Personal Financial Planning

Personal financial planning should be a requirement in high school curriculums

Just a few decades ago, personal financial planning was something only geeks and wealthy people did. Today, everyone knows it's a necessary skill we should all acquire. Most of the major television networks now have some kind of regular programming devoted to the subject of our money and individual financial planning. These segments are educational, but a great many baby boomers are sorely lacking in an effective personal financial program that will cover them in old age. So now they're playing catch-up, trying to mend those years of neglect. This being the case, it makes sense that our kids should be exposed to the basics of personal financial planning while they're still in high school, so they don't go down that same road.

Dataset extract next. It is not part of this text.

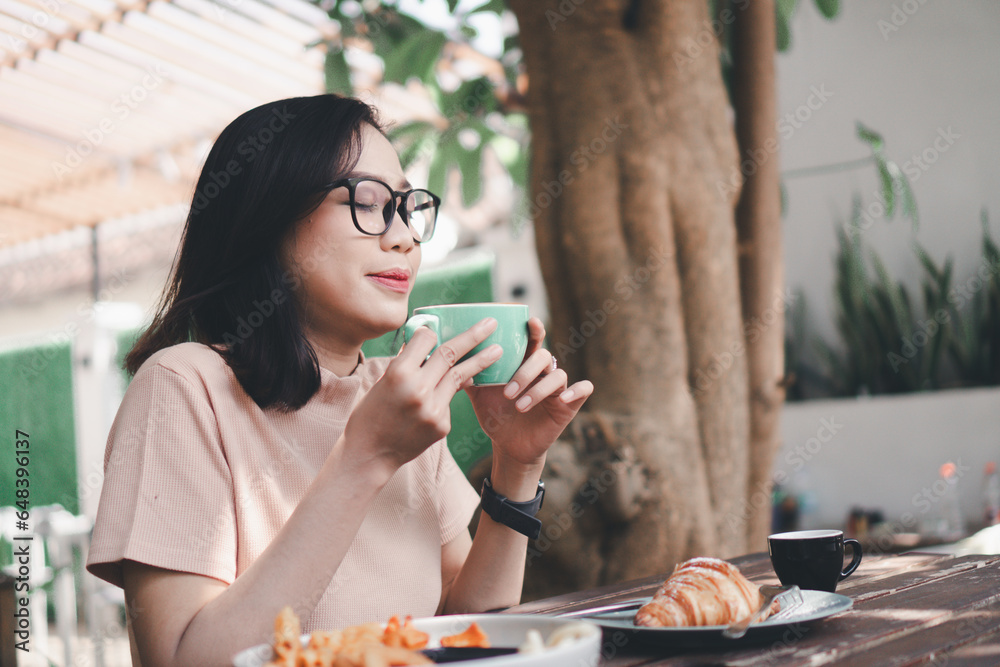 Young asian woman drinking coffee latte at a cafe

When you're young, retirement is the last thing on your mind. Reaching that stage of life may as well be generations away in young people's mind. Yet, that day will come. If financial planning were a required course in high school, at least the concepts will make more sense. Doubtless, the modalities will change in their lifetime, but imparting a basic understanding of the current Roth-IRAS, 401K plans and mutual fund portfolios will convey the concept and benefits of these investment models.

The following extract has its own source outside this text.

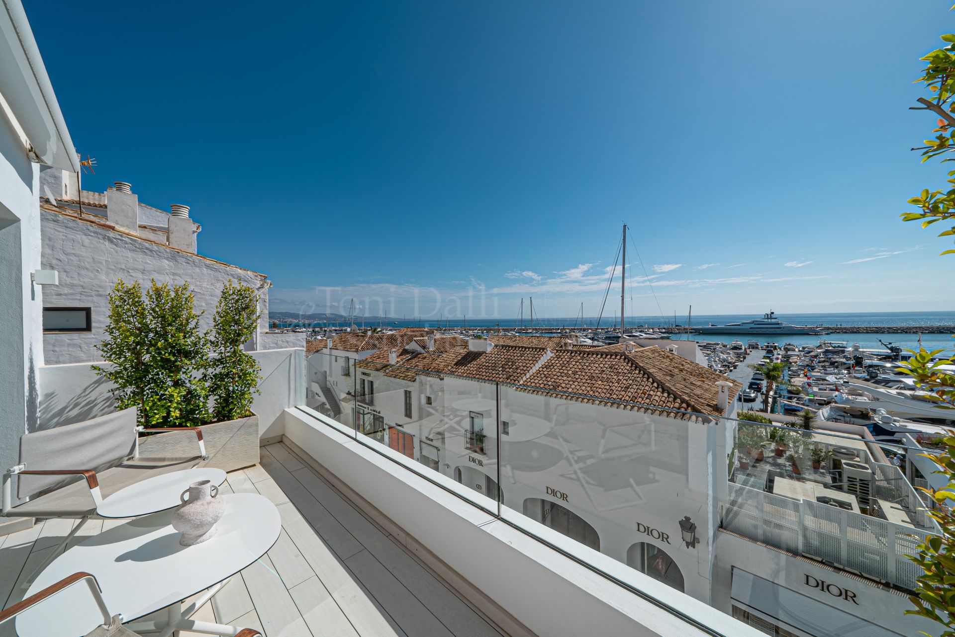 The property encompasses a total built area of 273.5 m², including 217.75 m² of beautifully designed interior space and a 55.75 m² terrace. The terrace is a highlight of the home, providing the perfect setting to relax, dine outdoors, or entertain while overlooking the Mediterranean Sea and the lively Puerto Banús marina. Every detail has been carefully considered to create a residence that feels both sophisticated and welcoming.

Such a course might present case studies which show the results of various avenues of personal financial planning begun at various points in life. For example, three case studies based on persons making identical incomes, but implemented at the age of 30, 40 and 50 could be eye-opening lessons. Other case studies might examine the results of weighting the percentages of income invested in a balance of investment vehicles.

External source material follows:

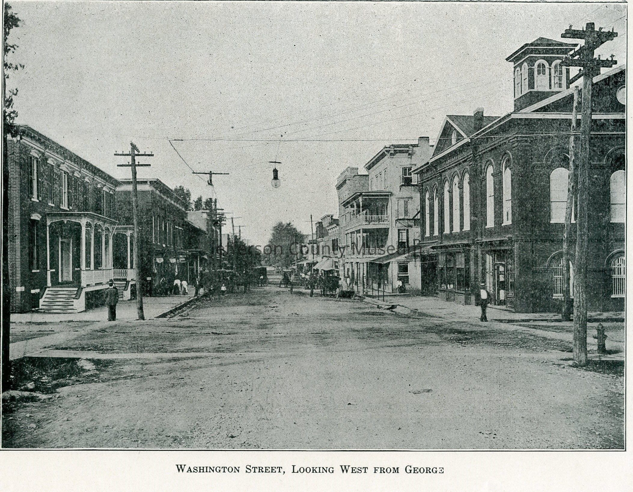 Booklet, 9" x 7", "Souvenir of Charles Town, W.Va" with red cover, c. 1900. Thirteen pages with 26 photographs taken in and near Charles Town. One page introduction with history of Charles Town. Printed at "Virginia Free Press, Charles Town, W.Va. George E. Wysong, Printer." Margaret H. Gibson written on inside front cover.

Other topics might include the Dow Theory and historical trends of the stock market, what day trading is and how successful such investors fare statistically. The idea would not be to make the students experts in personal financial planning, but to make them aware that making such a plan will impact their resources in a significant way. Who knows that Social Security benefits will even be an option for these young people, come retirement.

In addition to these more complex areas of study, students could learn more about the everyday issues they'll soon face in the real world. For example, these kids will eventually purchase their own vehicle. There are lots of ways to approach purchasing a car. A lesson could show the financial outcomes of saving and paying cash versus financing and paying interest. How about financing a college education? Some recent college grads will be paying off those loans for many years. This information should not serve to discourage the college bound student, but to encourage the examination of options. Grants, scholarships and two-year stints at junior colleges can make a huge difference in their financial situation after graduation.

Perhaps some clever educator should suggest a pilot program on personal financial planning in their school. This success might spread!